• _Work to be completed_
The answer must be an exact copy of the lines from the top of the listing below through the line with "Aanzichten en plattegrond van een brug", with no pictures.

• _Collected data_
--
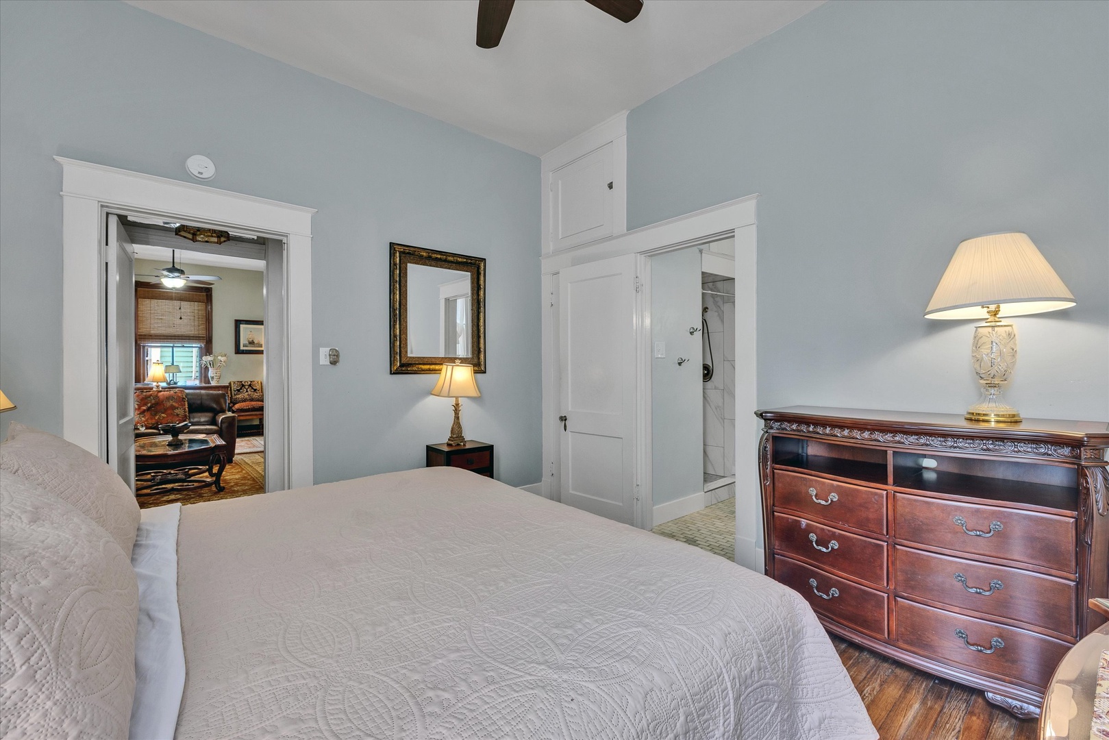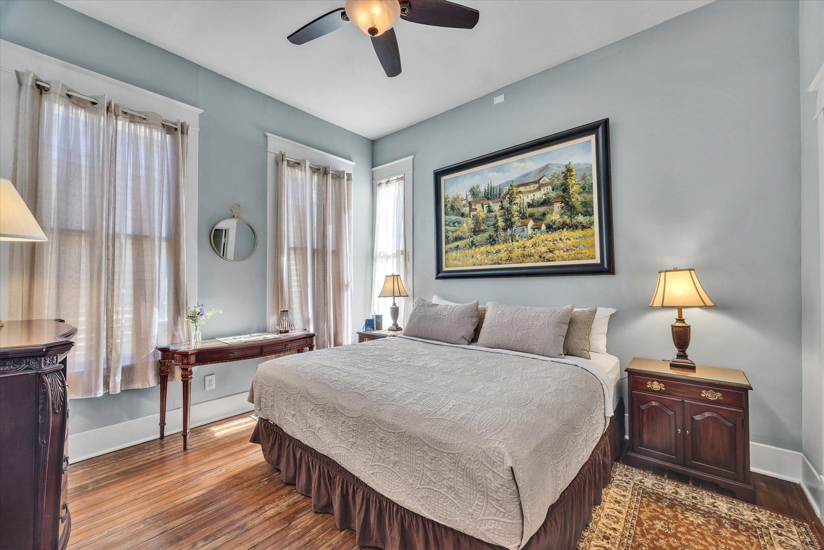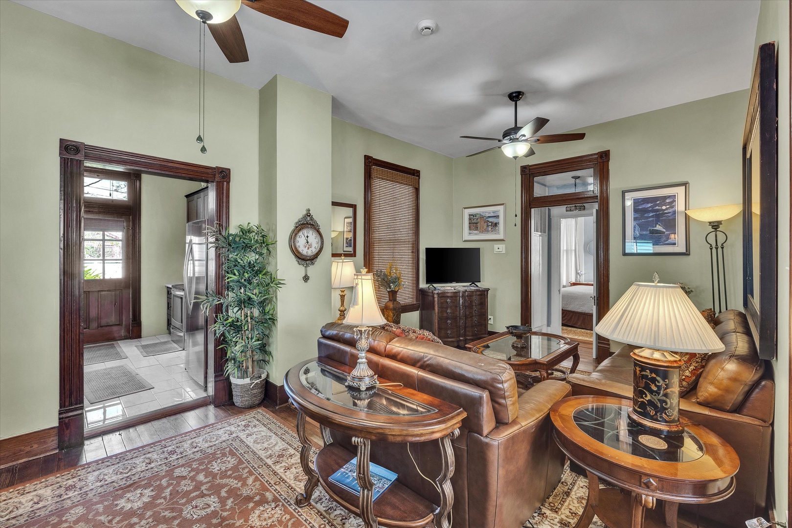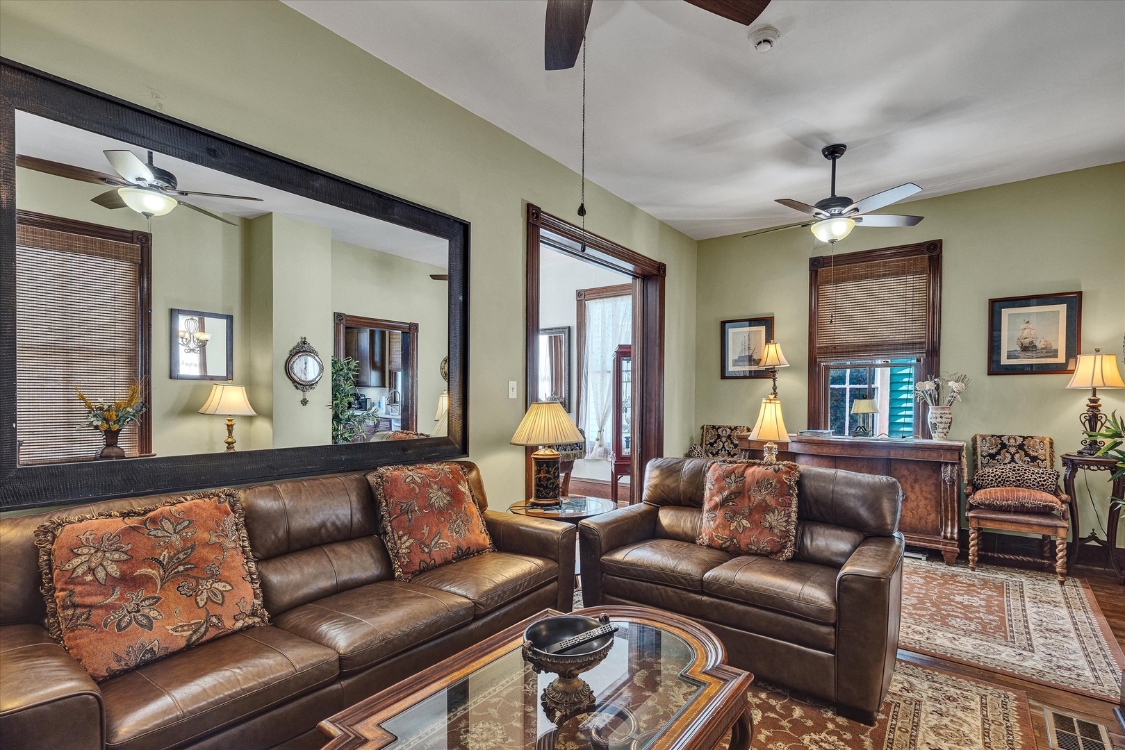 Outside, you'll also find a charming front porch with a swing and chairs—perfect for relaxing and watching the world go by. The beautifully landscaped yard, with its lush greenery and colorful blooms, adds to the serene ambiance of this historic home. The location, directly across from a private school, ensures privacy and tranquility while still being centrally located, offering easy access to the island’s top attractions, beaches, dining, and shopping.
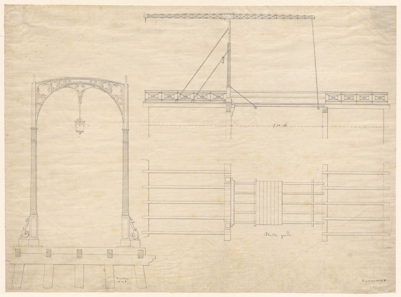 Aanzichten en plattegrond van een brug
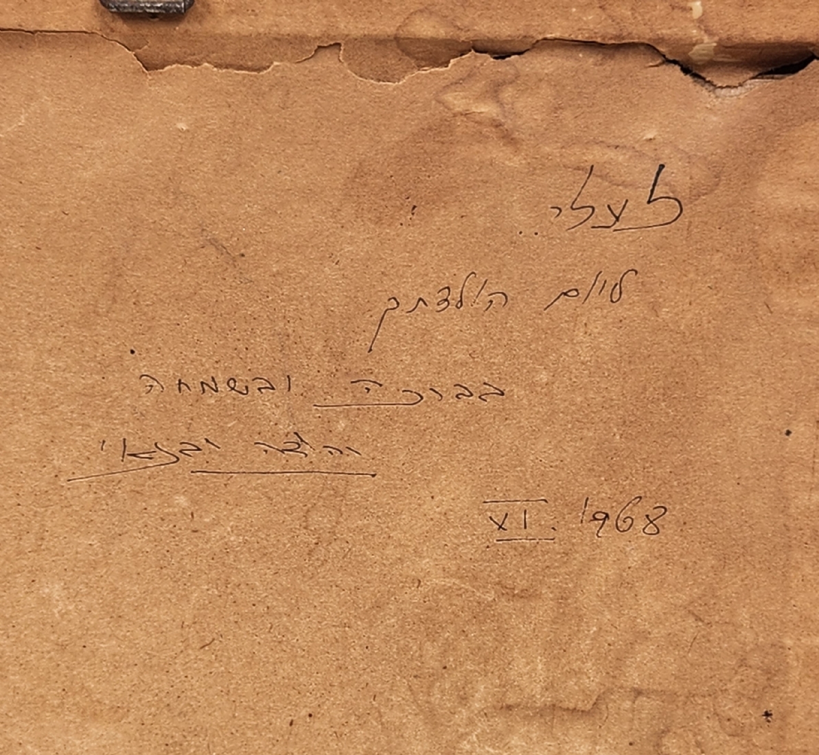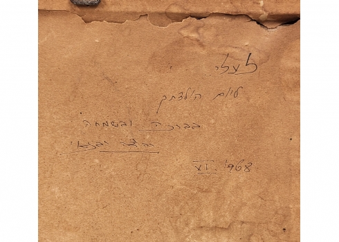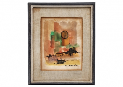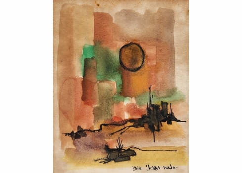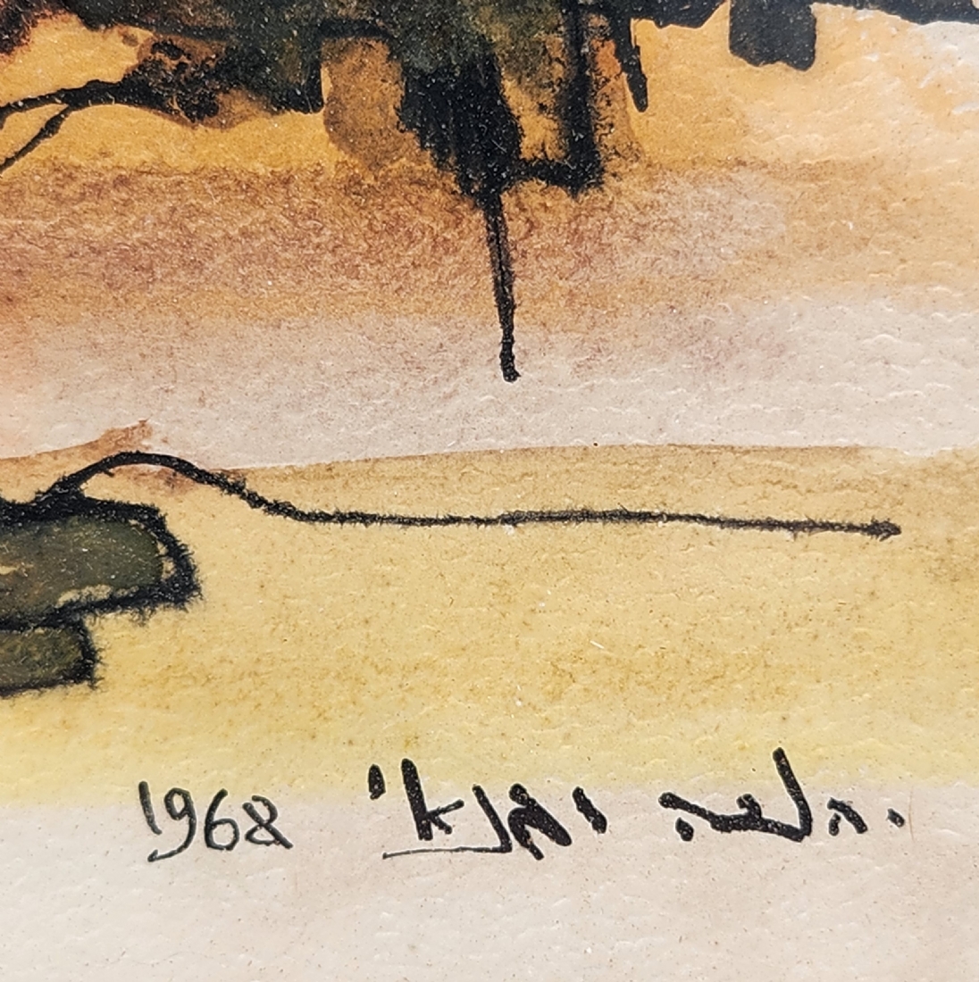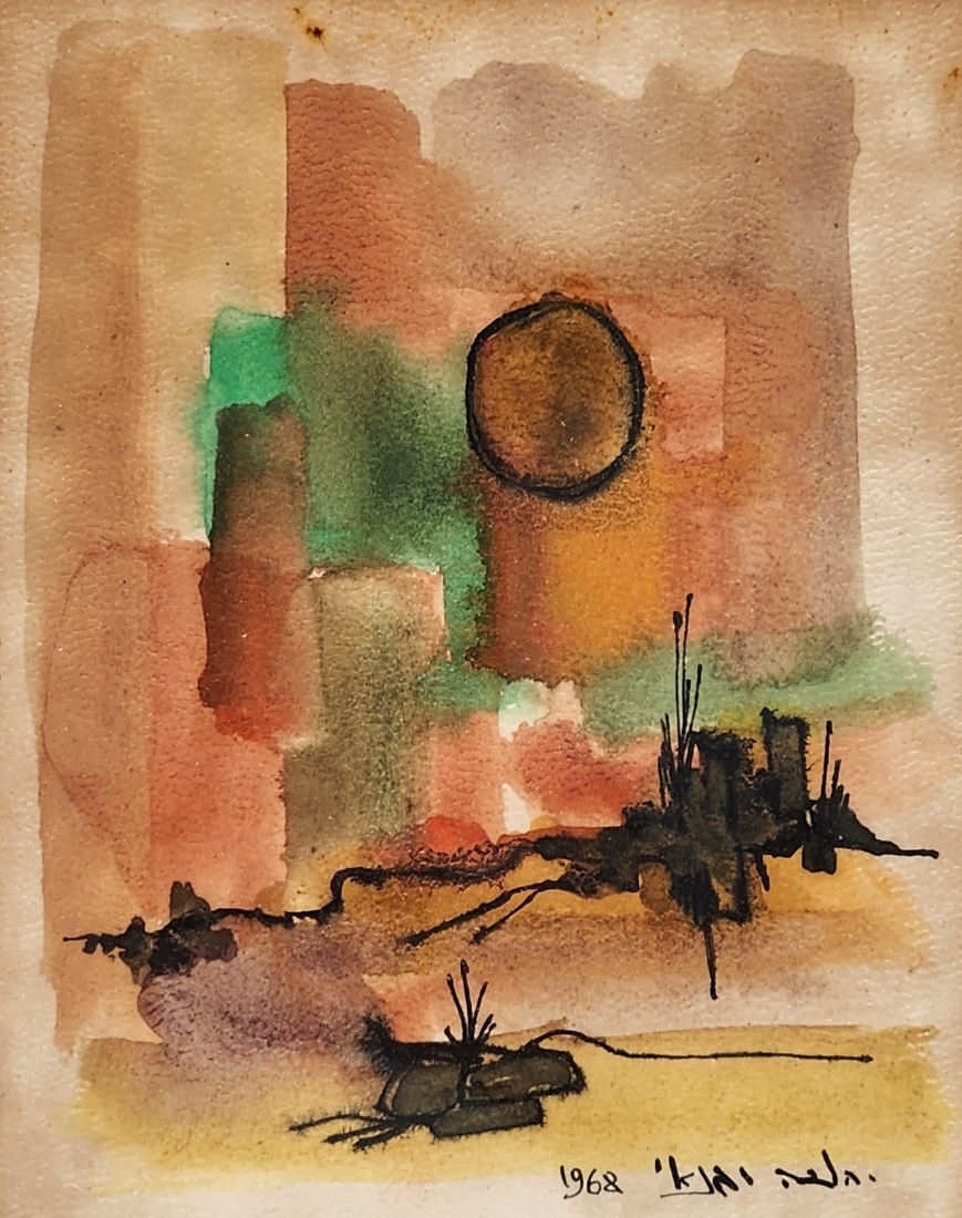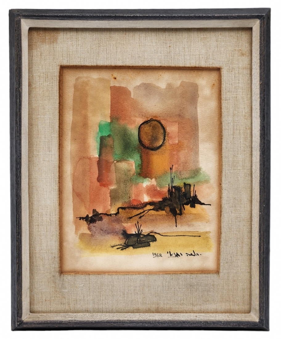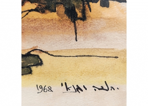 אקוורל על נייר, חתום ומתוארך 1968,כולל הקדשה בגב העבודה.מידות: 17.5X13.5 ס"מ.מידות המסגרת: 28X22.5 ס"מ.
--
• _Exercise output_
 Outside, you'll also find a charming front porch with a swing and chairs—perfect for relaxing and watching the world go by. The beautifully landscaped yard, with its lush greenery and colorful blooms, adds to the serene ambiance of this historic home. The location, directly across from a private school, ensures privacy and tranquility while still being centrally located, offering easy access to the island’s top attractions, beaches, dining, and shopping.
 Aanzichten en plattegrond van een brug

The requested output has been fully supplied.